* Data segment *
------

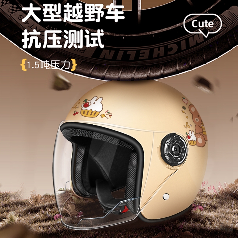 新款野马头盔3C认证电动摩托车女士四季半盔男夏季防晒轻便安全帽
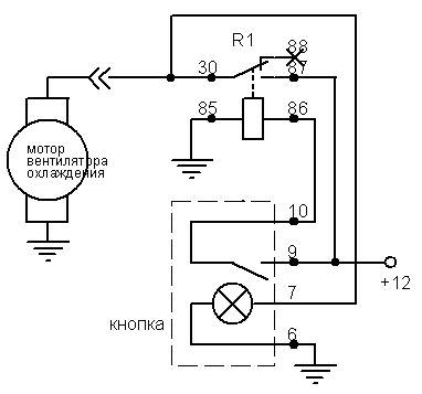 Сегодня был выходной, и решил довести все до ума. Замыканием контактов на датчике вентелятор не включался, следовательно датчик рабочий, что меня сильно порадовало. Далее искать причину поломки штатной схемы нестал, поскольку проводов немерено, да и колхоз в проводке присутствует. подключал карлсона от аккумулятора через реле по схеме привиденной ниже. Но кантакты которые выходят на кнопку (по схеме) подключил к датчику включения вентелятора. после того как все было подключено, завел машину и немного покатался, но при обычной езде выше 70 градусов не грелась. Приехав дамой оставил машину на холостом ходу и немного погазовав температура поднялась до 90 градасов. И вуаля на 90 градасах карлсон включился.
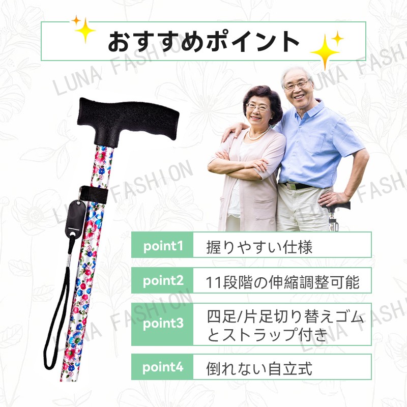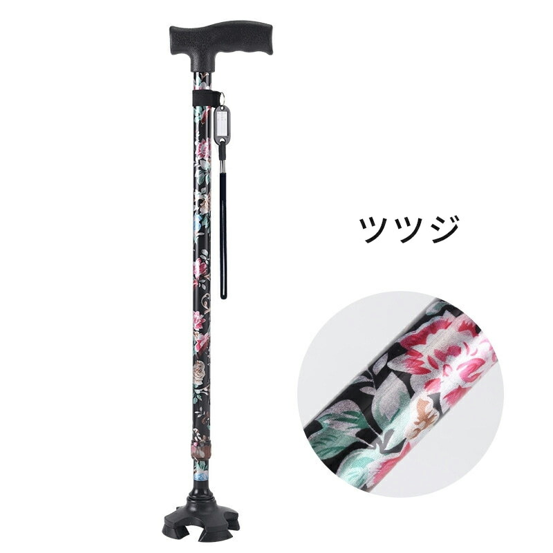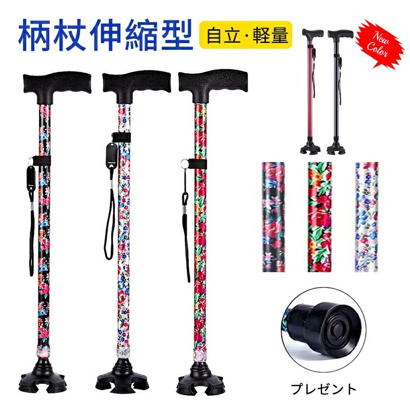母の日 父の日 杖 軽量 女性用 つえ 介護 ステッキ おしゃれ 花柄 伸縮 伸縮式 自立式 自立杖 収納袋 歩行補助 長さ調節 補助 レディース 婦人用 敬老の日 誕生日 プレゼント バレンタイン ギフト 人気
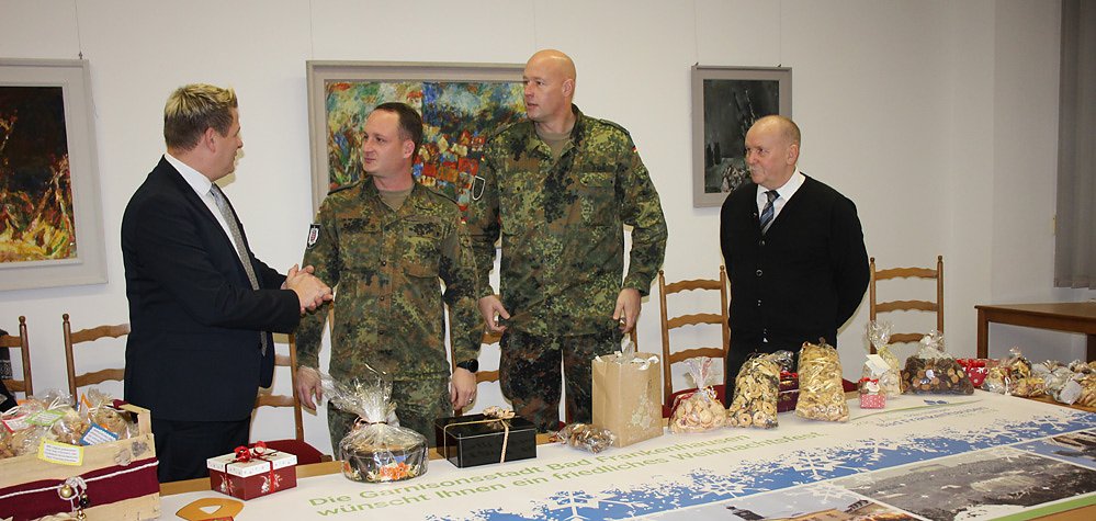 Am Vormittag übergab Bad Frankenhausens Bürgermeister Matthias Strejc an den stellvertretenden Kommandeur des Panzerbataillon 393 Oberstleutnant Jan Ohrmann die kostbare Ladung, im Beisein des Standortältesten Bad Frankenhausens Oberstleutnant Matthias Paar vom Versorgungsbataillon 131 Bad Frankenhausen und dem 1. Beigeordneten Dr. Andreas Räuber.

------

* Exercise directions *
All of the material above should be reproduced exactly, except the pictures.

* Output *
 新款野马头盔3C认证电动摩托车女士四季半盔男夏季防晒轻便安全帽
 Сегодня был выходной, и решил довести все до ума. Замыканием контактов на датчике вентелятор не включался, следовательно датчик рабочий, что меня сильно порадовало. Далее искать причину поломки штатной схемы нестал, поскольку проводов немерено, да и колхоз в проводке присутствует. подключал карлсона от аккумулятора через реле по схеме привиденной ниже. Но кантакты которые выходят на кнопку (по схеме) подключил к датчику включения вентелятора. после того как все было подключено, завел машину и немного покатался, но при обычной езде выше 70 градусов не грелась. Приехав дамой оставил машину на холостом ходу и немного погазовав температура поднялась до 90 градасов. И вуаля на 90 градасах карлсон включился.
母の日 父の日 杖 軽量 女性用 つえ 介護 ステッキ おしゃれ 花柄 伸縮 伸縮式 自立式 自立杖 収納袋 歩行補助 長さ調節 補助 レディース 婦人用 敬老の日 誕生日 プレゼント バレンタイン ギフト 人気
 Am Vormittag übergab Bad Frankenhausens Bürgermeister Matthias Strejc an den stellvertretenden Kommandeur des Panzerbataillon 393 Oberstleutnant Jan Ohrmann die kostbare Ladung, im Beisein des Standortältesten Bad Frankenhausens Oberstleutnant Matthias Paar vom Versorgungsbataillon 131 Bad Frankenhausen und dem 1. Beigeordneten Dr. Andreas Räuber.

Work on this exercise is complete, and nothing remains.